L'argomentazione di Zangwill si basa sull'idea che questa pratica rispetta una tradizione storica che presumibilmente ha fornito una buona vita agli animali e sostentamento agli esseri umani. Egli arriva fino a sostenere che i vegetariani e i vegani stanno deludendo questi animali non partecipando a questo ciclo, suggerendo che gli animali domestici devono la loro esistenza al consumo umano. Questa linea di ragionamento, tuttavia, è profondamente errata e merita una critica approfondita.

In questo saggio analizzerò le affermazioni di Zangwill, concentrandomi principalmente sul suo saggio *Aeon*, per dimostrare perché le sue argomentazioni a favore dell'obbligo morale di mangiare animali sono fondamentalmente infondate.
Affronterò il suo appello alla tradizione storica, la sua nozione di “buona vita” per gli animali e la sua visione antropocentrica secondo cui la superiorità cognitiva umana giustifica lo sfruttamento degli animali non umani.

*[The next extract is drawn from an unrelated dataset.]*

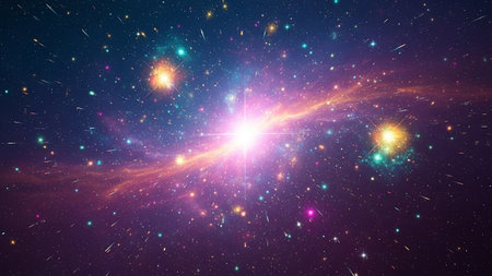 Exploding star shapes illuminate vibrant multi colored galaxy backdrop in space generated by artificial intelligence
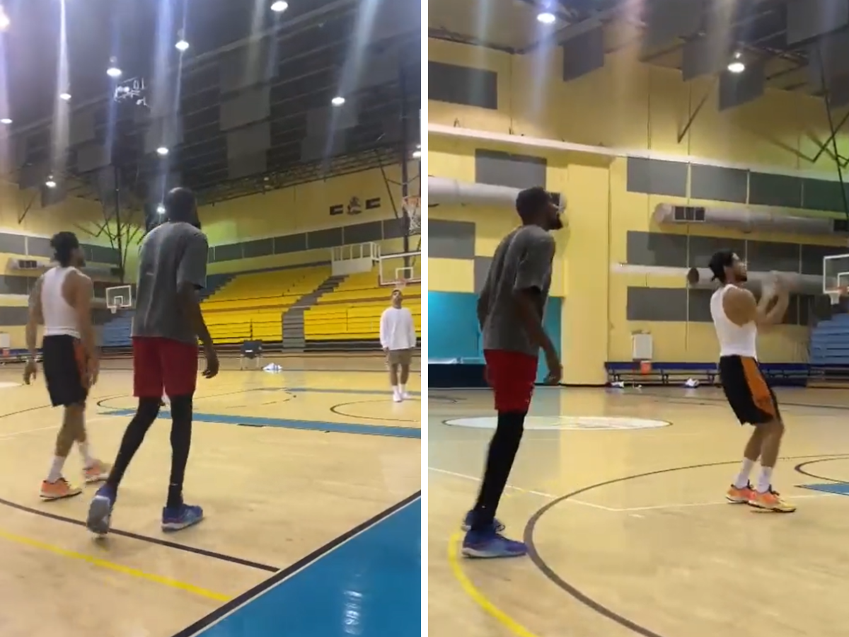 Kevin Durant and Devin Booker getting up shots together in the Bahamas 😎

Attraverso questa analisi, diventerà evidente che la posizione di Zangwill non solo non regge ad un esame accurato, ma perpetua anche una pratica moralmente indifendibile. Il panorama morale che circonda il consumo di animali è irto di complesse questioni etiche e giustificazioni storiche che spesso oscurano le questioni fondamentali in gioco. ‍Il⁢ dibattito​ non è nuovo e ha visto diversi intellettuali e filosofi confrontarsi con l’etica dello sfruttamento animale, arrivando talvolta a conclusioni che sembrano sfidare il ragionamento morale di base. ‍Un esempio recente⁣ è il saggio di Nick Zangwill in *Aeon*, intitolato "Perché dovresti⁤ mangiare carne", in cui si postula che non solo è consentito mangiare animali, ma‍ che è un obbligo morale farlo se ci prendiamo veramente cura di noi. su di loro. Questo argomento è una versione condensata del suo articolo più dettagliato pubblicato nel *Journal of the American Philosophical Association*, dove egli⁤ asserisce‍ che la pratica culturale di lunga data di allevare, allevare e consumare animali è reciprocamente vantaggiosa e quindi moralmente ‌obbligatoria.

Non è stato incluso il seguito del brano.